The ‘Vibe-Coding’ Controversy
While the security concerns provide a technical justification, the most striking part of the announcement is the criticism of Bun’s current development trajectory. The yt-dlp team expressed alarm over Bun’s recent transition, noting that the runtime was recently rewritten in Rust using Claude, an AI model from Anthropic.
The maintainers characterized the current state of Bun’s development as having shifted toward being “fully vibe-coded.” In developer parlance, “vibe-coding” refers to a process where AI generates large swaths of code based on general prompts and “vibes” rather than rigorous manual architectural planning and deterministic engineering.
For a tool like yt-dlp, which requires extreme precision to handle the volatile nature of video site updates, this lack of predictable engineering is a liability. The team has implemented a “support ceiling” at version 1.3.14 specifically because it represents the final release built from the original Zig codebase.
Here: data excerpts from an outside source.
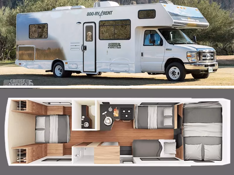 Aluguel de motorhome EUA: preço Quantos passageiros Modelo indicado Valor da diária 3 pessoas El Monte RV Class B a partir de USD 83* 4 pessoas Cruise America C21 a partir de USD 76* 5 pessoas Cruise America C25 a partir de USD 76* 7 pessoas Cruise America C30 a partir de USD 105*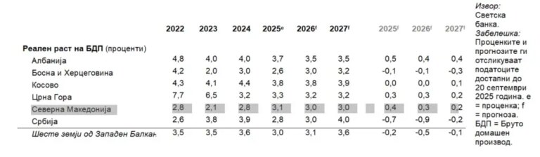 Реален раст на БДП од 3,1 отсто во 2025 година, од 3 проценти во 2026-та и од 3 отсто во 2027 година се проценките на Светска банка за земјава. Според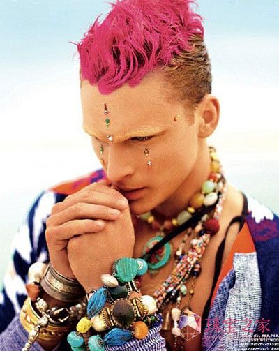 来自最新出版的《Vogue Hommes Japan》2010春夏刊的大片,由摄影师Mariano Vivanco掌镜,Nicola Formichetti造型,Ford模特经纪公司旗下男模Alejandro Rodriguez演绎。本期搭配用色特别鲜艳饱和,配饰单品则充满着西亚风情。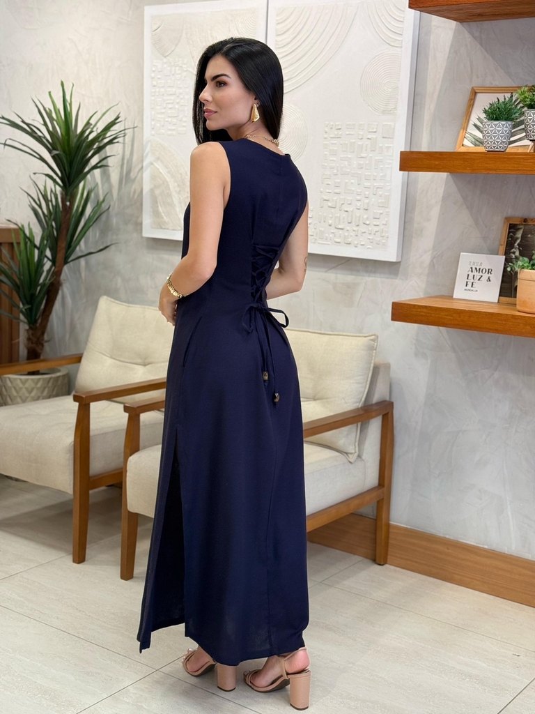 Observação: Por se tratar de um tecido natural (linho ou viscose), a peça pode apresentar leve encolhimento no comprimento após a primeira lavagem.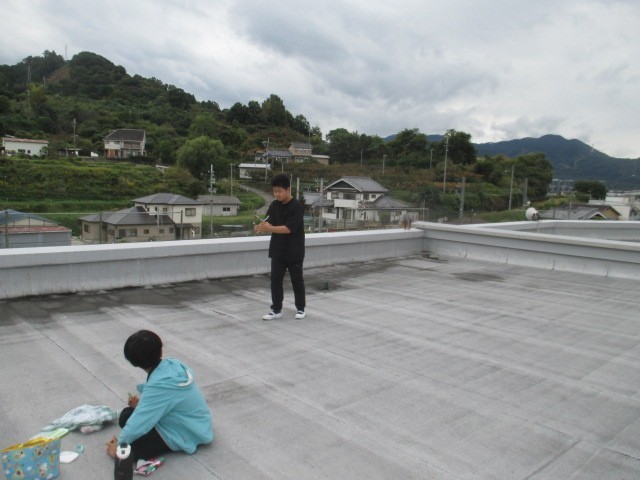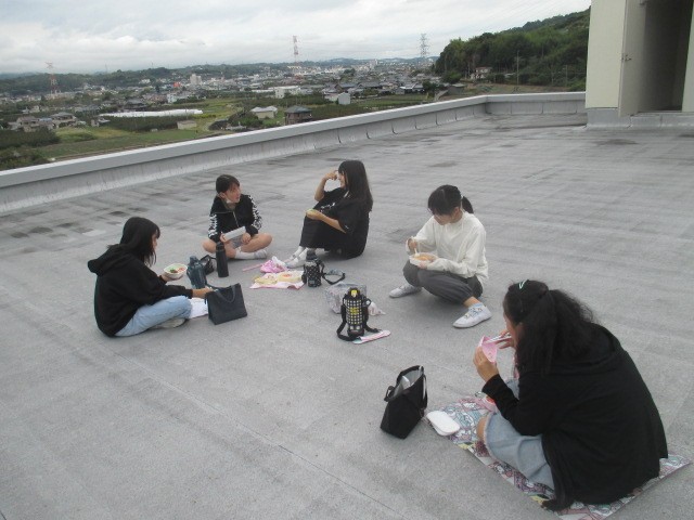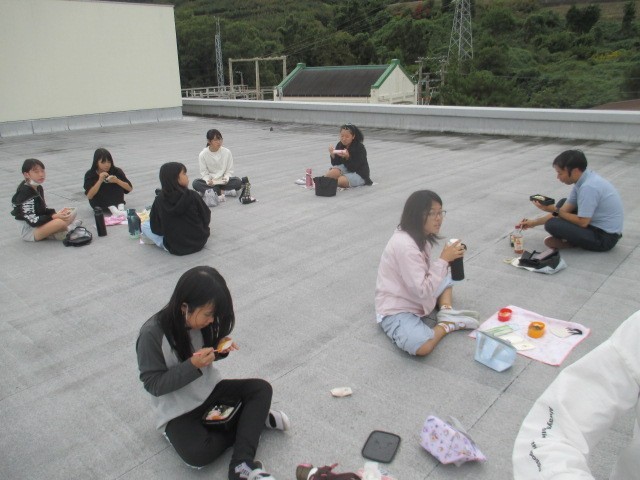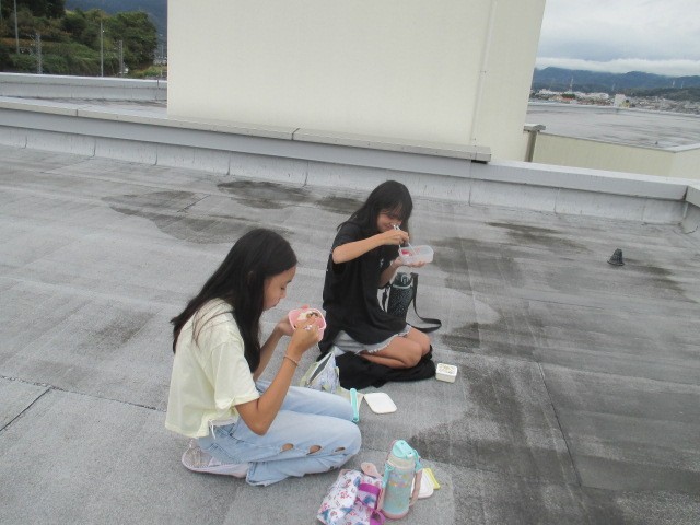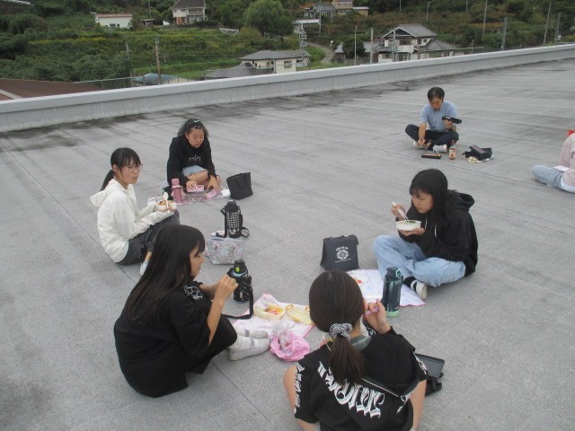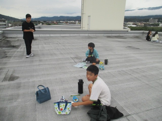 昨日の陸上記録会の予備日だったため6年生は今日は弁当日でした。学文路小学校の思い出にみんなで屋上で食べました。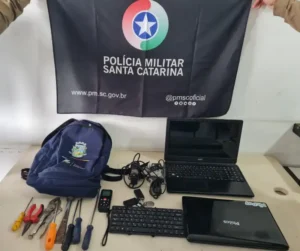 A PM encontrou uma mochila contendo dois notebooks, ferramentas, uma trena a laser, um teclado e um pen-drive no local informado como esconderijo. A vítima reconheceu os objetos.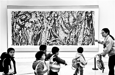 一名幼儿园老师带着小朋友们参观中国美术馆吴冠中的作品《根扎南国》 摄影/新华社记者 鲁鹏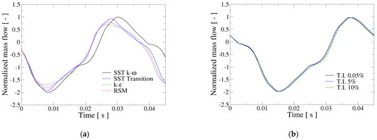 Figure 9 shows the normalized mass flow profiles at outlet 1 in the base case at . As can be seen in Figure 9a, there are some differences between the additional tested turbulence models, but all of them provide a shorter period than the SST k-ω model. This situation is similar to what happened in [15], where the other employed turbulence models (k-ω, k-ε, RNG k-ε and k-ε EARSM) also provide larger oscillation frequencies than the SST k-ω. In the present study, all the alternative models provide mass flow curves which are very similar in shape but showing some noticeable differences in their peak values. Moreover, the three investigated turbulence models present curves without inflection points in the ascending and descending branches, while the SST k-ω model shows two of such points in these branches (i.e., around times 0.02 s and 0.04 s). Although not shown, such particular points appear when no flow crosses one of the two outlets. As a comment, the value of the time step necessary to obtain a converged solution using the k-ε and RSM turbulence models is notably smaller than for the SST models (k-ω and transition).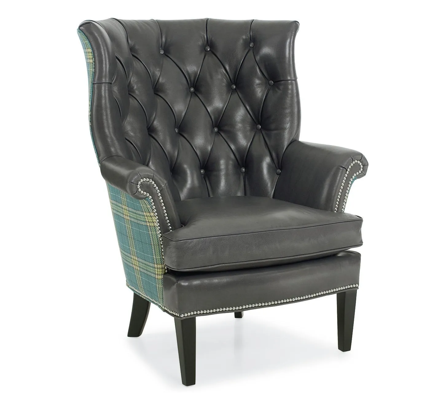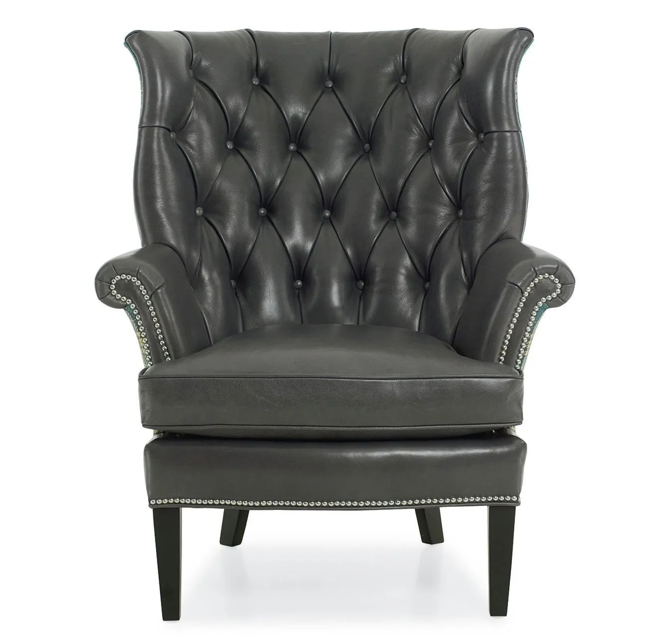 Standard with small brass (shown with optional pewter) nail head trim around base and front arm panels as shown.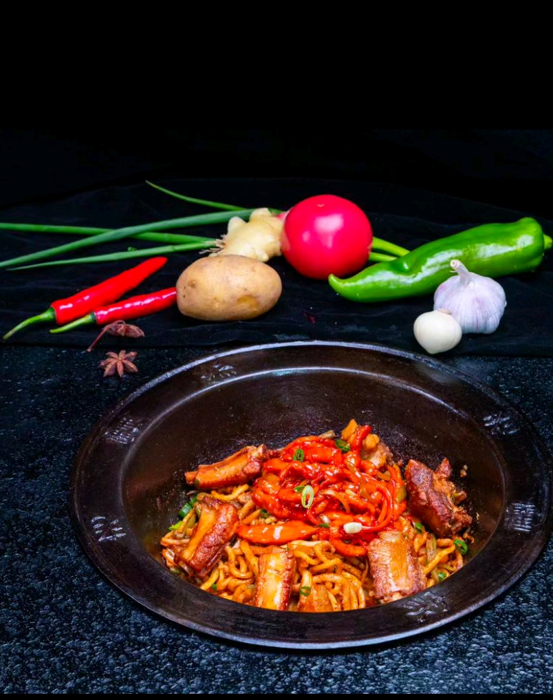 老霍家排骨鱼香肉丝焖面。
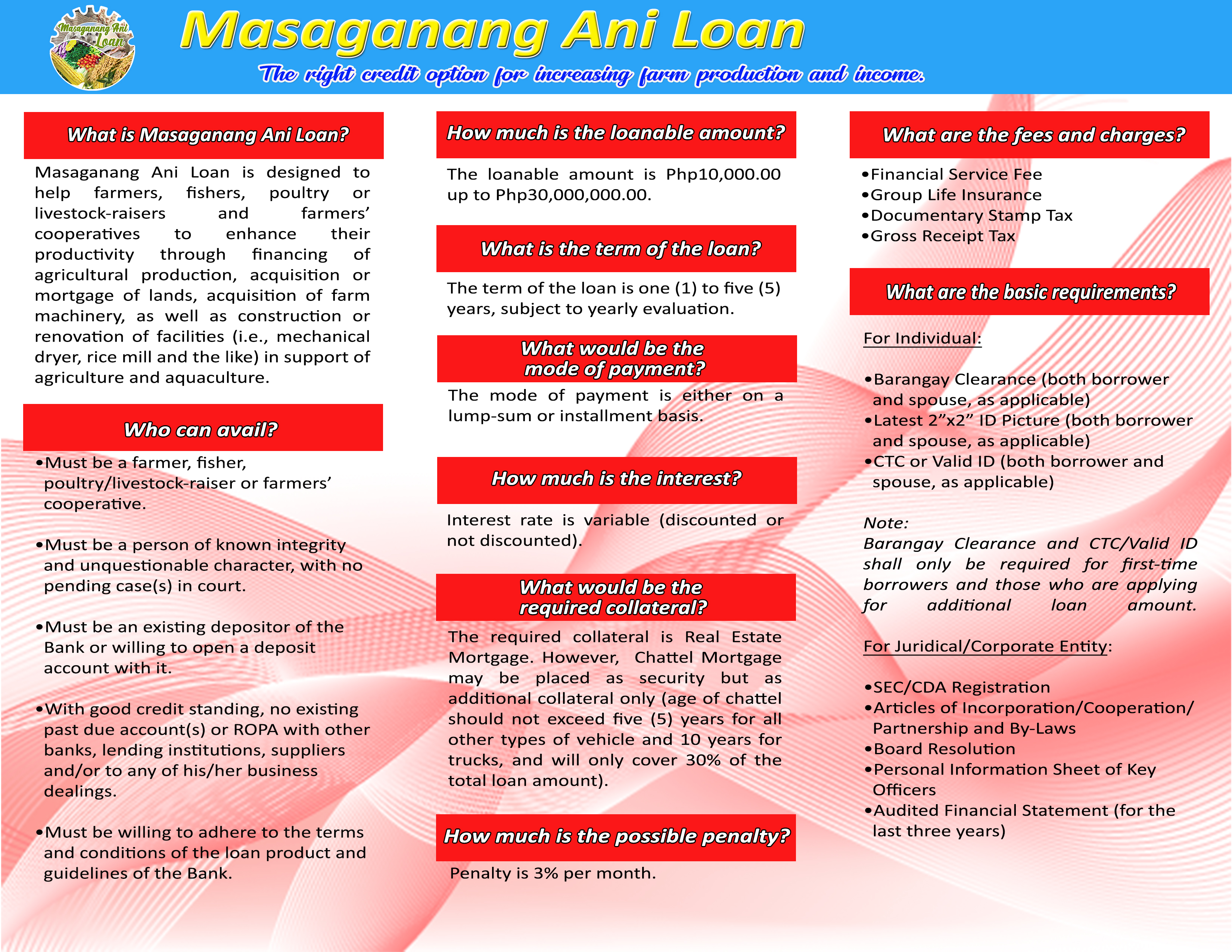 Enhance your agricultural productivity through FICOBank’s Agricultural Loan. This loan product is designed for farmers, fishers, livestock-raisers and farmers’ cooperatives. It is intended to augment productivity through the financing of agricultural production, acquisition/mortgage of land, acquisition of farm machinery and construction/renovation of facilities in support of agriculture and aquaculture. This loan product has the following salient features: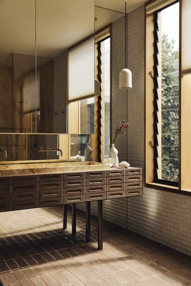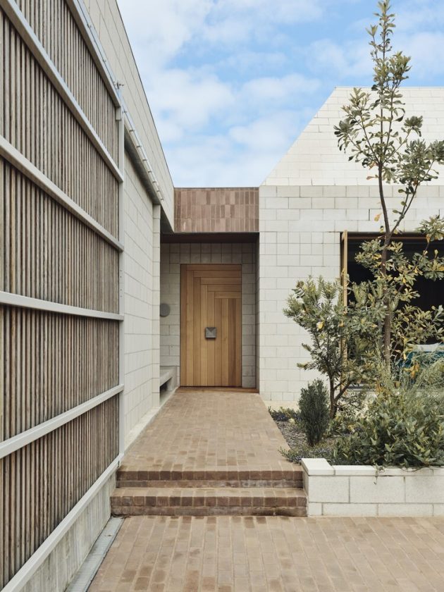 The formal entry sequence starts from entering the pedestrian gate on the main street: the dusty pink brick pavers provide the conduit between the native garden and the building structure. Through the gap between the long façade and the garage, an outdoor shower is provided for washing down the wet gears from the sea, before space opens up to the inner outdoor sanctum. Internal living spaces look into this north-facing courtyard garden where the family gathers and entertains.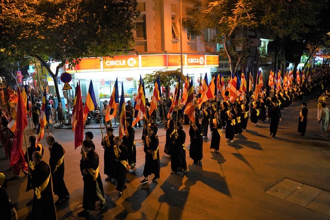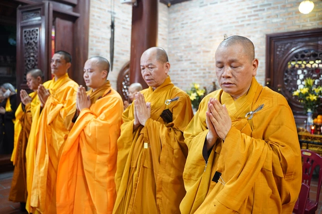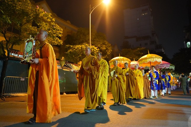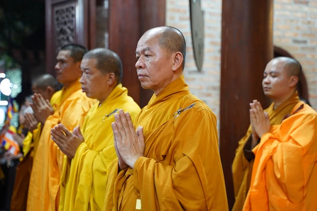 Đúng 19 giờ, sau ba hồi chuông trống Bát-nhã, Ban Nghi lễ đã cung rước chư tôn đức quang lâm chánh điện cử hành các nghi thức.

By capping support here, yt-dlp is effectively opting out of the AI-driven rewrite era of Bun until it proves itself stable.
What This Means for the Ecosystem
This move signals a broader tension in the open-source community: the clash between the rapid, AI-accelerated pace of new tool development and the slow, methodical stability required by critical infrastructure software.
Bun support is now officially deprecated. While yt-dlp will maintain the 1.2.11 to 1.3.14 range for as long as it remains functional and secure, the project has explicitly reserved the right to drop Bun entirely if maintenance becomes too burdensome. Users are encouraged to consult the EJS wiki for alternative JavaScript runtimes that offer more predictable long-term support.